Purely historic question: VT200 text graphic programming

Grant Edwards invalid at invalid.invalid
Fri Mar 11 12:47:07 EST 2011


On 2011-03-11, Dennis Lee Bieber <wlfraed at ix.netcom.com> wrote:
> On Fri, 11 Mar 2011 11:17:08 +0200, Anssi Saari <as at sci.fi> declaimed
> the following in gmane.comp.python.general:
>
>> Grant Edwards <invalid at invalid.invalid> writes:
>> 
>> > C wasn't very widely used under VMS, and VMS had it's own screen
>> > formatting and form handling libraries.
>> 
>> Just curious, what language was widely used in VMS? My VMS experience
>> is limited to running Maple for a math course in the university in
>> early 1990s.

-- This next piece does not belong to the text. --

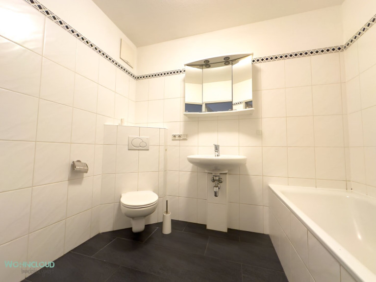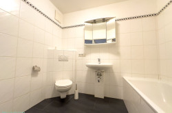 - 1 Badezimmer mit Badewanne, Waschbecken & WC

Didn't know how to do much more than start Maple,
>> probably just dir, logout (or was it logoff?) and ftp :)
>
> The "system" language was BLISS; though I don't know of any end-users
> programming in it.

I think I did, once, when I need to do something involving 128-bit
integers.  Or maybe I just used assembly language -- BLISS wasn't much
higher level than assembly.  I also seem to remember occasionally
seeing stuff written in BLISS on DECUS tapes, but it wasn't at all
common.

> My 20 years on VMS was primarily F77, with some Pascal and some C.

-- 
Grant Edwards               grant.b.edwards        Yow! But was he mature
                                  at               enough last night at the
                              gmail.com            lesbian masquerade?